July 25th, 2024

Podulsky, Susko slide to seventh at pair’s first luge World Cup women’s doubles

By Nick Wells, The Canadian Press on December 15, 2023.

Canada's Theo Downey, of Calgary, Alta., races down the track during a World Cup men's luge event in Whistler, B.C., Friday, Dec. 15, 2023. THE CANADIAN PRESS/Darryl Dyck

WHISTLER, B.C. – The Canadian duo of Beattie Podulsky and Embyr Susko say they’re happy to have finished their first-ever women’s luge doubles race at the Eberspacher Luge World Cup stop at the Whistler Sliding Centre, let alone compete for the podium.

The pair have been sliding together for just over a month and have had to work quickly on developing an understanding.

“This being our first World Cup together and first month on a double sled together, I’m pretty happy with how it went,” said Podulsky.

Susko agreed with her partner, adding they were both still getting used to the design of the sled.

“I’m just stoked we put the sled down straight two runs in a row, that’s a pretty big feat for us where we are in our doubles career right now,” Susko said with a laugh.

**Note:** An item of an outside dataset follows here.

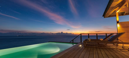 プール付オーシャンサンセットヴィラ 部屋の造りはオーシャンヴィラと同じですが、テラスにはプライベートプール付サンセット側指定。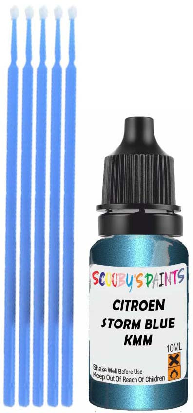 Professionally mixed touch-up paint matched to Citroen factory colour Kmm – Storm Blue Metallic for model years 1994–2006. Ideal for repairing stone chips, light scratches and minor blemishes while helping to prevent corrosion.

The newness of the competition to the two provided some added anxiety, with Podulsky saying she “felt like throwing up” due to nerves beforehand while Susko played a calming role. They finished seventh overall with a time of 1:18.920

The German team of Jessica Degenhardt and Cheyenne Rosenthal finished first in the doubles with a combined time of one minute, 18.371 seconds.

Countrymates Dajana Eitberger and Saskia Schirmer finished 0.08 seconds back in second with Italians Andrea Voetter and Marion Oberhofer (1:18.466) rounded out the top three.

On the men’s side, Germany’s Tobias Wendl and Tobias Arlt claimed their 53rd gold medal win on the World Cup circuit, finishing with a time of one minute, 17.300 seconds.

“It’s great, it feels like the first one,” said Arlt.

Wendl agreed, adding that despite competing together for more than two decades the pair are constantly learning about what different tracks require.

“It’s super fast and the speed is incredible,” Wendl said about the track at Whistler. “It’s the only track in the world that makes it so fast in the bottom. We like it very much.”

Austria’s Thomas Steu and Wolfgang Kindl finished 0.078 seconds behind the leaders and Germany’s Hannes Orlamuender and Paul Constantin Gubitz (1:17.405) claimed bronze.

Canadian’s Devin Wardrope and Cole Anthony Zajanski finished 12th overall.

“We’re still trying to figure out our sled and all the components that go into that,” said Zajanski.

“This whole pre-season and the first two World Cups we’ve struggled a lot with the sled setup and how we’re not very comfortable and it’s not very quick. Hopefully a result like this, we take a few weeks off and regroup and hopefully moving forward we can just continue this roll and get better and better.”

Susko and Podulsky will compete in the Team Relay on Saturday, while Susko will also compete in the women’s singles.

Team Relay teams consist of one sled from each discipline: women’s singles; men’s doubles; men’s singles; and women’s doubles. All four sleds of one team start one after the other from one start height, provided the slider in front of them hits a touch pad to open the start gate for their teammate.

It’s the first time women’s doubles is being included in the relay.

Germany’s Max Langenhan struck gold in the men’s singles race.

Langenhan finished his race in one minute, 40.093 seconds.

Jonas Mueller of Austria (1:40.348) and Latvia’s Kristers Aparjods (1:40.572) earned silver and bronze, respectively.

Langenhan sits atop the men’s singles rankings through the first two legs of the World Cup circuit with 200 points. The 24-year-old also had the fastest time in the first leg of the World Cup circuit, which runs until March 2, 2024 in Sigulda, Latvia.

Meanwhile, Canadians Theo Downy and Dylan Morse placed 17th and 20th, respectively.

Downey said he was pleased with his first singles race on the senior circuit, a week after finishing third at the Winterberg Junior World Cup.

“Being able to be around these people that are way older than me, my entire career I’ve been looking up to them and been like ‘oh wow these guys are the big leagues’ is pretty exciting,” he said.

Downey trains in Whistler and said having practised on the luge course before helped him in preparing for the men’s senior event.

“This track is scary. It’s very scary. So having those hundreds of runs to fall back on has helped a lot,” he said.